What's Wrong with China by Paul Midler
Author:Paul Midler
Language: eng
Format: epub
ISBN: 9781119213734
Publisher: Wiley
Published: 2017-11-29T19:53:08+00:00
CHAPTER 15
Partner on the Deal
Although it has a reputation for being a difficult country in which to do business, China has always given visitors the impression that it is otherwise safe. In the nineteenth century, a time when buildings were not secured, Herbert Giles noted with some fascination that foreigners who went on vacation could expect to return and find everything right where it had been left.

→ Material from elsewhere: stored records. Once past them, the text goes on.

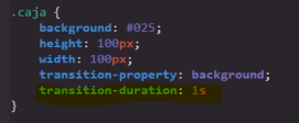 Al igual que transition-property, en esta propiedad se puede definir el tiempo de duración de más de una propiedad a la vez, simplemente se ingresa el segundo tiempo separado por una coma (,) del primero.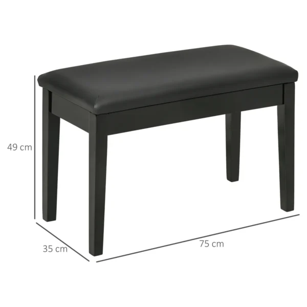 Geras suolas gali labai padėti mokantis groti pianinu. Sėdynė yra aptraukta dirbtine oda ir suteikia klasikinę išvaizdą bei komfortą ilgų klaviatūros seansų metu. Kuo labiau atsipalaiduosite, tuo labiau norėsite treniruotis! Guminė medžio konstrukcija atlaiko iki 150 kg apkrovą ir suteikia tvirtą sėdimąjį paviršių. Pasirinkite HOMCOM fortepijono suolelį ir pakelkite grojimą pianinu į kitą lygį.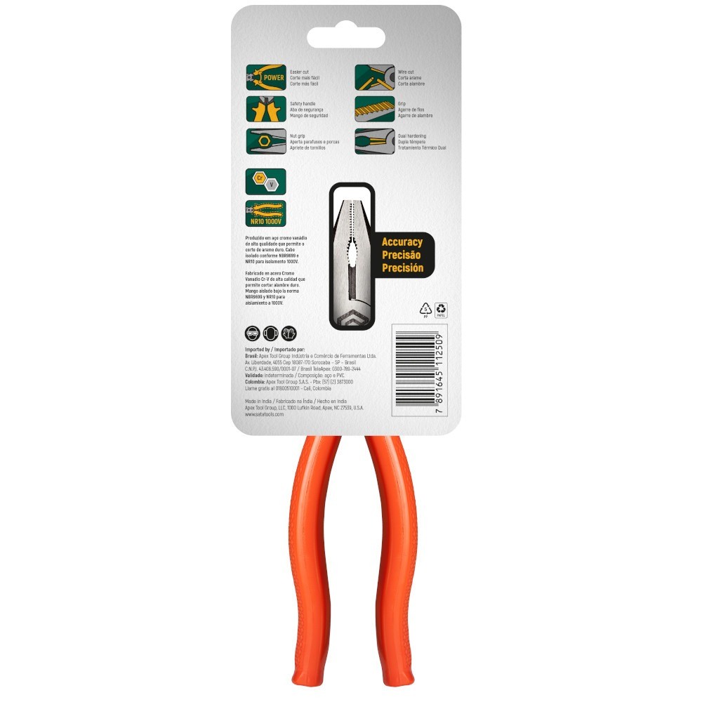 Produto: Alicate universal isolado 8" - ST700022L Marca: Sata Descrição: O Alicate universal isolado 8" da Sata possui uma durabilidade superior de corte. Utilizado em todos os setores de manutenção como: tubulações, eletricistas, mecânicos, industriais, construção civil, automotivo entre outros. Para realização de compressão, torção, extração e corte de objetos. Este Alicate Universal Isolado da Sata é o modelo mais versátil, possibilitando realizar diversas funções como: segurar, puxar, prender , descascar e cortar fios, realizar compressão e extração de objetos. Características e Benefícios - Durabilidade do corte superior - Oferece mais resistência a óleo e alta durabilidade: dupla têmpera no corpo e têmpera especial no corte. - Resistente a óleo. - Mais conforto e segurança: cabo ergonômico e com abas protetoras. - Cabo em PVC é mais fácil de limpar. - Fabricado em Aço Cromo-Vanádio (Cr-V) para maior durabilidade e resistência. - Cabo isolado até 1000V e NR10 de acordo com a norma ABNT NBR 9699 · Especificações: Comprimento: 8" Capacidade de corte: Arame mole: Ø 2,5mm Arame duro: Ø 1,6mm Material: Aço Cromo-Vanádio Normas: NBR 9699. Esta Norma aplica-se a ferramentas manuais isoladas e isolantes usadas para trabalho em instalações elétricas energizadas ou peças. Isolação do cabo para 1000v NR 10. Garantindo a segurança do usuário profissional em instalações e serviços de eletricidade. Dimensões (C x L x A): 21.50 x 5.50 x 3.00 centímetros Peso: 0.40 Kg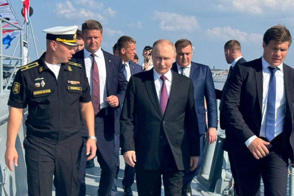 Путин с рабочей поездкой находится в Петербурге. Утром в воскресенье он на патрульном катере «Раптор» с бортовым номером 001 прибыл к зданию Адмиралтейства, где проверил по видеосвязи оперативные учения ВМФ «Июльский шторм», проходившие с 23 по 27 июля в акваториях Северного и Черного морей, Тихого океана, Балтики и Каспия. «ГлагоL» сообщал, что президент также заслушал доклады военных.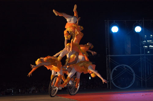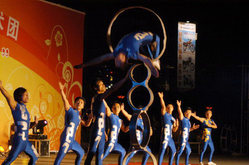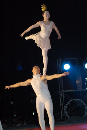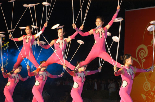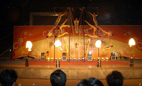演出的当晚,当夜幕降临、华灯初上时,无论是在钦州港经济开发区的中山广场,还是在灵山县六峰山下的人民广场,很多群众早早就来到晚会现场,为的是能占据理想席位以便更好地欣赏演出节目。当身着各式盛装的杂技演员们在欢快奔放的音乐旋律下,又翻又跳,或刚或柔,小试身手地进行开幕式的亮相后,观众们的情绪立时高涨起来。此后,气势恢宏的《爬杆》,美仑美奂的《柔术滚灯》、《肩上芭蕾》,惊险紧张的《高空晃梯》、《台圈》,眼花瞭乱的《转碟》,造型优美的《女子车技》,活泼帅气的《草帽飞舞》等精彩杂技节目轮番上演,让观众目不瑕接,更有魔术舞蹈《变伞》和《现代魔术》引人入胜,而诙谐幽默的《轮胎训练》、《天鹅湖》等节目则让观众笑得合不拢嘴,最令人叹为观止的恐怕要数表现力与美的男子双人表演《力量》,叠背倒立、头顶单手倒立、赤手提顶、屈叠平衡等一系列高难度技巧动作,两位演员做得从容、到位。整个演出过程中,掌声、惊叹声、喝彩声、笑声此起彼伏,万人广场上始终洋溢着热烈欢乐的气氛。很多群众都是头一次现场观看杂技魔术表演,大呼过瘾的观众演出结束后久久不愿离去。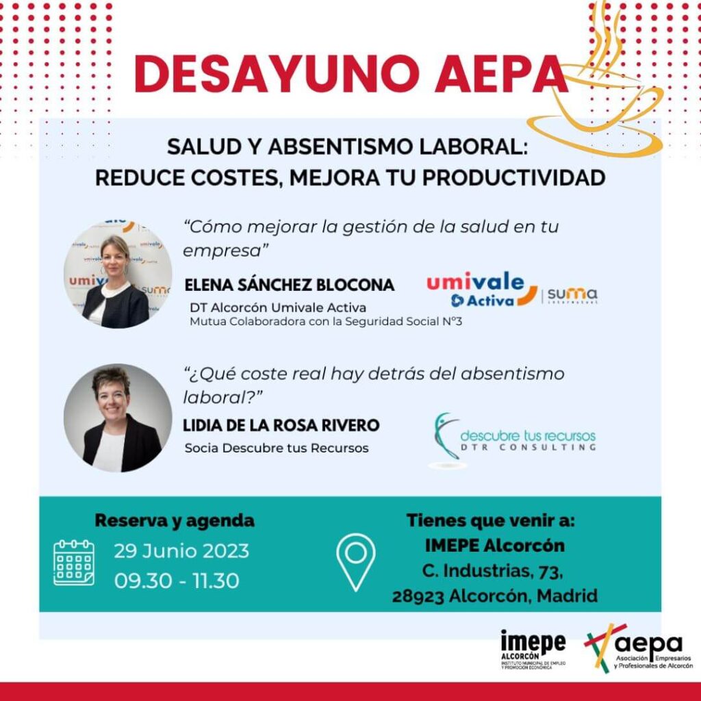 Promovido por la Asociación de Empresarios y Profesionales de Alcorcón (AEPA) y en colaboración con IMEPE, el próximo 29 de junio a las 9:30h, impartido por Umivale Activa, Mutua Colaboradora con la Seguridad Social Nº3, y Descubre Tus Recursos, se realizará el taller “Salud y Absentismo laboral: Reduce costes, mejora tu productividad”. Umivale Activa contará […]

Stanley High, writing in the 1920s, described a long journey from Chongqing to Tibet, in which he employed no fewer than seventy‐five coolie laborers. To finance the camel‐driven caravan, he secured several hundred dollars in silver and packed it away. Each one of the laborers, he figured, knew precisely where he had stashed the money. And yet this small fortune, an amount “sufficient to provide a lifelong endowment for any half dozen of them,” remained untouched.
I have lost two mobile phones in China and was lucky enough in each case to have the handheld brought back to me. All I had to do was ring my number and speak to the kindly fellow who was in possession of it. Of course the person who answered the phone was never the one who had actually found it, but he was nevertheless glad to assist. All we had to do was discuss the small matter of his travel expenses, because somehow—within a matter of minutes—the device had wound up in a distant town, and surely I would insist on personal delivery.
Scamps of this variety typically ask for only a fraction of the replacement cost but more than they could get selling it on the black market, and thus it is economically expedient to follow their lead. In such cases, you were inclined to resent the extortion until you had a phone stolen in some other place—as I did in Vietnam—and found that the thief had turned it off and thrown away the module chip, making it impossible to negotiate the device's return at any price.
Because there is greater economic efficiency in returning a lost item to its owner, we are not surprised to learn that this is yet another old tradition. In this country, noted Giles, “Many cases of theft are compromised by the stolen property being restored to its owner on payment of a certain sum, which is fixed and shared in by the native constable who acts as middleman between the two parties.”
China is home to a better class of criminal, I believe. Property crime is more humane and less violent. Purse snatchers, for example, often take care to drop the purse in their wake for the original owner to more easily recover—sans its monetary contents, of course.
In Guangzhou, I know a man who had his computer stolen while sitting at a Starbucks. He didn't mind the loss of his laptop, he said, but in his computer bag were some irreplaceable business documents. In this city of millions, the police somehow managed to recover his bag, along with the papers, though naturally the computer was still missing.